Bonnie Raitt has long been involved with the environmental movement, doing concerts to support forest, oil, mining and water protection since the mid-'70s. Her tour bus runs on biofuel.
Raitt writes some of her own songs ("
Nick Of Time," for example) but mostly records songs written by others. She's gone out of her way to credit these writers, who are often musicians as well, to raise their profiles. For example, she talked up Larry John McNally, who wrote her songs "
Nobody's Girl" and "
Slow Ride," calling him "an undersung, underrated brilliant artist."

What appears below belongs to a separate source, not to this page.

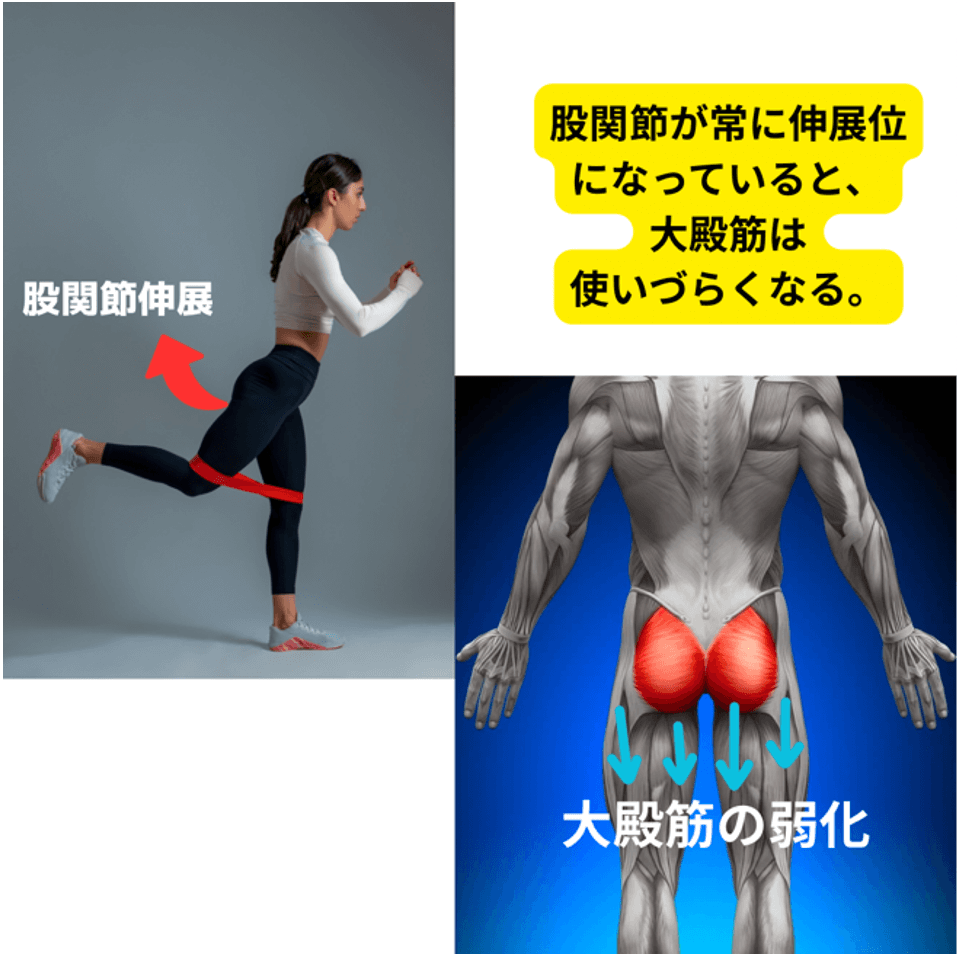2.常に股関節が伸展位にあるため、大臀筋が使いづらい

"I can't say enough good about Bonnie,"
McNally told Songfacts. "She's smart and funny and caring and charismatic. She's a killer guitar player and singer. She goes out of her way to give credit to the songwriters and musicians around her and lends a helping hand to those on the way up that she believes in."
Her father is the celebrated Broadway singer John Raitt (Carousel, Oklahoma!, The Pajama Game) and her mother is the accomplished pianist/singer Marge Goddard. The best advice her dad gave her: "Make every night opening night."
Early in her career, she opened for various blues legends. From Mississippi Fred McDowell, Sippie Wallace, Son House, Muddy Waters, and John Lee Hooker she learned firsthand lessons of life as well as invaluable techniques of performance.
She won four Grammy Awards in 1990, three for her Nick of Time album and one for her duet with John Lee Hooker on his breakthrough album The Healer. The double platinum Longing in Their Hearts, released in 1994, featured the hit single "Love Sneakin' Up On You" and was honored with a Grammy for Best Pop Album.
On March 6, 2000, Bonnie was inducted into the Rock and Roll Hall of Fame.
Raitt has a great deal of festival appeal - she's played the Telluride Bluegrass Festival, the Indy Jazz Fest and the Bonnaroo festival.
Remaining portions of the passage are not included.